Getting an idea for a picture book can be the trickiest part of the process. But sometimes you get lucky, and an idea is given to you.

 

In March of 2017, I was out of town caring for my dad, who’d been seriously ill. I had been too stressed and busy with the demands of caregiving to even think about writing, so when I received an email from one of my editors, it felt like a reminder of a former life.

 

The editor said she’d been thinking about kindness, and that she’d like to do a book about it. Was I interested?

 

Absolutely! But I told her my current situation, fearful that once she learned I was temporarily out of commission, she’d ask someone else instead. She responded that whenever I had something to share, she’d love to see it—a kindness in itself.

 

After I got home, I started playing with the idea. Important as kindness is to me, it seemed like a tricky topic for a picture book because I worried that a manuscript could easily drift towards the saccharine.

 

I started making lists of kindnesses, then tried to shoehorn them into a manuscript. Months later, I sent my editor a draft of a text which contained phrases like this:

 

Kindness is stirring and sprinkling and soup. Kindness is planning and paint

and a home. Kindness is seeds and a feeder and full tummies. Kindness is tiptoes and whispers and dreams.

 

She responded that she thought this direction could work, and made some suggestions. I revised it a time or two. But there was a problem.

 

This didn’t feel like my writing.

 

It’s important to me—as it probably is to most writers—that my work feel authentic. That it feel like me, even if the original idea comes from someone else.

 

This didn’t. Except for one line: “Kindness is a cup and a card and freedom.”

 

During the early stage of the manuscript, I’d noticed a clear plastic cup and an index card on my coffee table. I’d used them to capture a spider and set it free outside, something I always do. The phrase cup and card kindness had popped into my head, and I’d immediately scribbled it down. I loved it: the rhythm, the meaning, and the fact that without an illustration, it was incomprehensible.

 

So I started again, this time with telegraphic verse: Cup and card kindness. Rake and yard kindness. This felt like me!
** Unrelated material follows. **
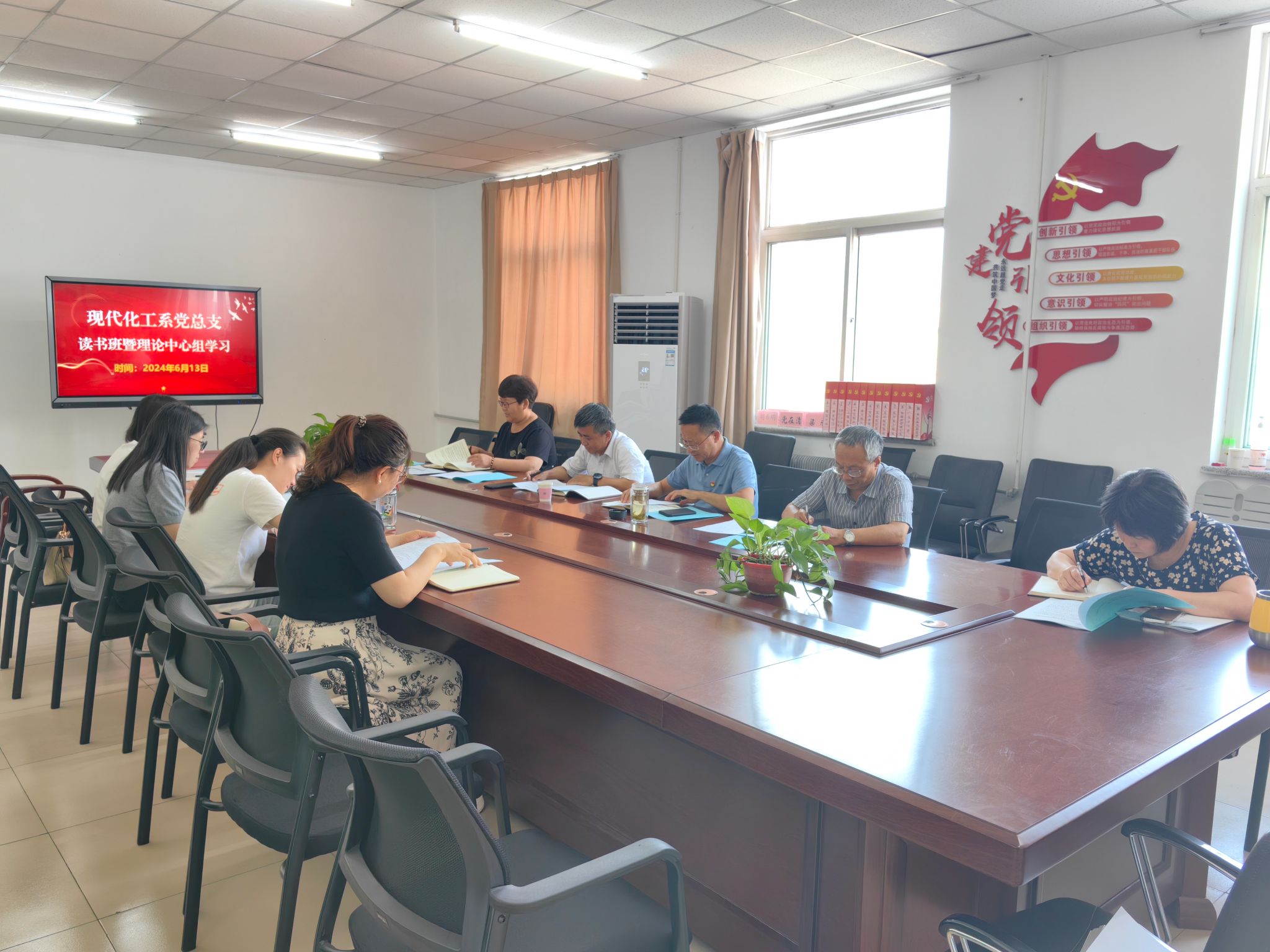6月13日上午,现代化工系党总支在党建活动室306召开理论中心组学习会议暨党纪学习教育读书班交流研讨,会议采取专题领学、研讨交流等方式,学习了习近平总书记关于全面加强党的纪律建设的重要论述和《条例》等。会议由系党总支书记胡希明主持,理论中心组成员、所属党支部纪检委员、辅导员参加,冯国平到会督导并作点评。

But the rhythm meant each kindness needed three and only three syllables: not impossible, but quite limiting.

 

But then I hit on the missing piece of the puzzle: the book could be essentially a slow camera pan around a town, starting with a girl freeing a bug, moving through her neighborhood, going downtown, then to an animal shelter, to a park, back to the neighborhood, and finally ending up with the same girl freeing a bug again.

 

That felt like me, and it felt like a picture book! The continuity of the illustrations would help the book feel cohesive. And when I ran the concept past my editor, almost exactly eleven months after she’d approached me about the idea, she immediately responded, “YESSSSSSSSSSS! YES. This is it. This is the one!”

 

Phew!

 

I wrote the manuscript in verse—not a terse verse, but one that’s cheery and bouncy (one more bit of anti-saccharine insurance). Before long, the manuscript was polished and off to the wonderful illustrator, Irene Chan. And now, finally, it’s on bookstore shelves!

 

I see kindness as the ultimate connector in an increasingly divided society. I’ve filled Finding Kindness with small acts of kindness. Little things that kids can see in their own lives. Things they can do for each other. Things parents and teachers can point out and share.

 

Focusing on the kindness around me, like my editor giving me the time I needed to write this manuscript, helps me to see the good in the world. I hope Finding Kindness will help kids to see it, too—and to be part of it themselves.

 

Deborah Underwood grew up in Walla Walla, Washington. She is the author of many books for children, including the New York Times–bestselling The Quiet Book. When she’s not writing, you might find her singing in a chamber choir, playing a ukulele, walking around in Golden Gate Park, baking vegan cookies, or petting any dogs, cats, pigs, or turkeys that happen to be nearby.